- [What this task involves] Output every record word for word, minus the pictures.
━━ Information provided
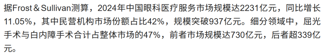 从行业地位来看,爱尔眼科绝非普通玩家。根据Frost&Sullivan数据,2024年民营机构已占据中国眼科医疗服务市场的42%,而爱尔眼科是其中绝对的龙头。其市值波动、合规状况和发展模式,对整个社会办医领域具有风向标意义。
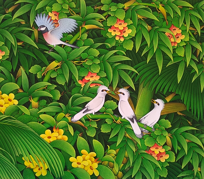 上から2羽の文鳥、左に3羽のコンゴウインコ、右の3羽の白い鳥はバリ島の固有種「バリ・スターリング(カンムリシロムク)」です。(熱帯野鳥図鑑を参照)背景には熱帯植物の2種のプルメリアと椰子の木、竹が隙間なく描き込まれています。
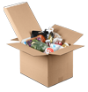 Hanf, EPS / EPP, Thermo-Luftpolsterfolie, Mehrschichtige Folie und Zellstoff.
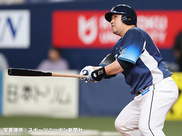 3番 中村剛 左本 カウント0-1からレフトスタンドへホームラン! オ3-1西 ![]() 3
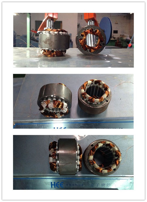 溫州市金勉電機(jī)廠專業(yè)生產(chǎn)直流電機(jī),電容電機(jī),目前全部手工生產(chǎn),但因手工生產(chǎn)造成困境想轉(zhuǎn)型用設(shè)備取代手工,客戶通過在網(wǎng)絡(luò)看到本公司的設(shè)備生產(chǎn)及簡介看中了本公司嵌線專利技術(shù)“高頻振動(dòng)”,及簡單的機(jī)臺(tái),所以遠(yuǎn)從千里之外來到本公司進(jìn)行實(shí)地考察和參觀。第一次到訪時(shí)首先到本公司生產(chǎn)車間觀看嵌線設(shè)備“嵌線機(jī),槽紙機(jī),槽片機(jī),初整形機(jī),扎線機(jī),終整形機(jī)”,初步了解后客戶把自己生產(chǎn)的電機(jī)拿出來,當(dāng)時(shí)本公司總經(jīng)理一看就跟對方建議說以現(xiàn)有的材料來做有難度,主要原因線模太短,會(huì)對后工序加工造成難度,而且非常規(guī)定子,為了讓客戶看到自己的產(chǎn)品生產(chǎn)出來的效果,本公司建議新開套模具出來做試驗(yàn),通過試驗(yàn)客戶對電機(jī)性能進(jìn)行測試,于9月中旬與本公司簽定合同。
━━━━
- [Exercise solution]
 从行业地位来看,爱尔眼科绝非普通玩家。根据Frost&Sullivan数据,2024年民营机构已占据中国眼科医疗服务市场的42%,而爱尔眼科是其中绝对的龙头。其市值波动、合规状况和发展模式,对整个社会办医领域具有风向标意义。
 上から2羽の文鳥、左に3羽のコンゴウインコ、右の3羽の白い鳥はバリ島の固有種「バリ・スターリング(カンムリシロムク)」です。(熱帯野鳥図鑑を参照)背景には熱帯植物の2種のプルメリアと椰子の木、竹が隙間なく描き込まれています。
 Hanf, EPS / EPP, Thermo-Luftpolsterfolie, Mehrschichtige Folie und Zellstoff.
 3番 中村剛 左本 カウント0-1からレフトスタンドへホームラン! オ3-1西 ![]() 3
 溫州市金勉電機(jī)廠專業(yè)生產(chǎn)直流電機(jī),電容電機(jī),目前全部手工生產(chǎn),但因手工生產(chǎn)造成困境想轉(zhuǎn)型用設(shè)備取代手工,客戶通過在網(wǎng)絡(luò)看到本公司的設(shè)備生產(chǎn)及簡介看中了本公司嵌線專利技術(shù)“高頻振動(dòng)”,及簡單的機(jī)臺(tái),所以遠(yuǎn)從千里之外來到本公司進(jìn)行實(shí)地考察和參觀。第一次到訪時(shí)首先到本公司生產(chǎn)車間觀看嵌線設(shè)備“嵌線機(jī),槽紙機(jī),槽片機(jī),初整形機(jī),扎線機(jī),終整形機(jī)”,初步了解后客戶把自己生產(chǎn)的電機(jī)拿出來,當(dāng)時(shí)本公司總經(jīng)理一看就跟對方建議說以現(xiàn)有的材料來做有難度,主要原因線模太短,會(huì)對后工序加工造成難度,而且非常規(guī)定子,為了讓客戶看到自己的產(chǎn)品生產(chǎn)出來的效果,本公司建議新開套模具出來做試驗(yàn),通過試驗(yàn)客戶對電機(jī)性能進(jìn)行測試,于9月中旬與本公司簽定合同。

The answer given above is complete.